## 3_faiss_ranking.ipynb

This notebook implements a FAISS-based ranking system for retrieving the most relevant documents for given queries. The workflow includes:
1. Loading document and query embeddings.
2. Building a FAISS index for fast nearest-neighbor search.
3. Retrieving the top-k most relevant documents for each query based on cosine similarity or L2 distance.
4. Associating and displaying the results with query and document IDs.

### Output
- A dictionary `results` containing query IDs as keys and a list of top document IDs with their distances as values.

### Notes
- FAISS is optimized for large-scale similarity searches, making it suitable for handling large datasets.
- The default `IndexFlatL2`

In [None]:
import faiss
import numpy as np
import pickle

from collections import defaultdict
from FlagEmbedding import FlagModel

In [None]:
# Vector for loading documents
with open('../pkl/m3_chunk_128/m3_chunk_128_embedding_1.pkl', 'rb') as f:
    doc_embeddings_dict = pickle.load(f)
doc_ids = list(doc_embeddings_dict.keys())
doc_embeddings = np.array([doc_embeddings_dict[doc_id] for doc_id in doc_ids]).astype('float32')
del doc_embeddings_dict

In [None]:
%%time

# Load the test queries
test_path = '../dataset/test.csv'
test_df = pd.read_csv(test_path)

# Load the model
model = FlagModel('BAAI/bge-m3',
                  query_instruction_for_retrieval="Represent this sentence for searching relevant passages:",
                  use_fp16=True)

# Embed the test queries
queries = test_df['query'].tolist()
query_ids = test_df['id'].tolist()
query_embeddings = model.encode(queries).astype('float32')

In [None]:
# Get vector dimensions
d = doc_embeddings.shape[1]
# Initialise the FAISS index
index = faiss.IndexFlatL2(d)
# Add document vectors to the index
index.add(doc_embeddings)
print(f"Added {index.ntotal} document vectors to the index")

In [None]:
# Search the top 10 most relevant documents for each query vector
k = 10 
distances, indices = index.search(query_embeddings, k)

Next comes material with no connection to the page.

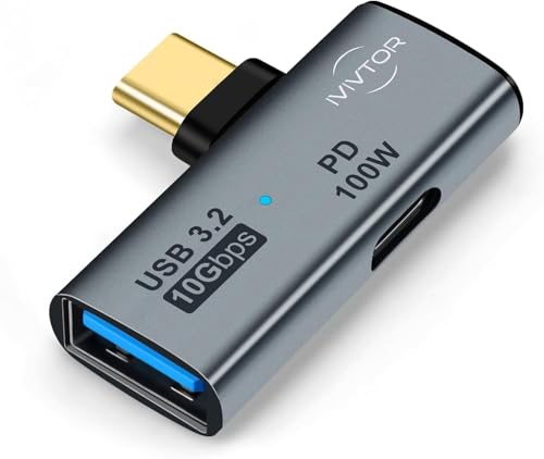 IVIVTOR USB C Adapter 2-i-1 - Typ-C Port till USB 3.2 OTG Splitter Med Snabbladdning 100 W - För Bärbar Dator Surfplatta Telefon - Svart

# Associate results with query IDs and document IDs
results = {}
for i, query_id in enumerate(query_ids):
    results[query_id] = [(doc_ids[indices[i][j]], distances[i][j]) for j in range(k)]

In [None]:
for query_id, docs in list(results.items())[:5]:  # Display the results of the first 5 queries
    print(f"查询ID: {query_id}")
    for doc_id, distance in docs:
        print(f"    文档ID: {doc_id}, 距离: {distance}")
    print()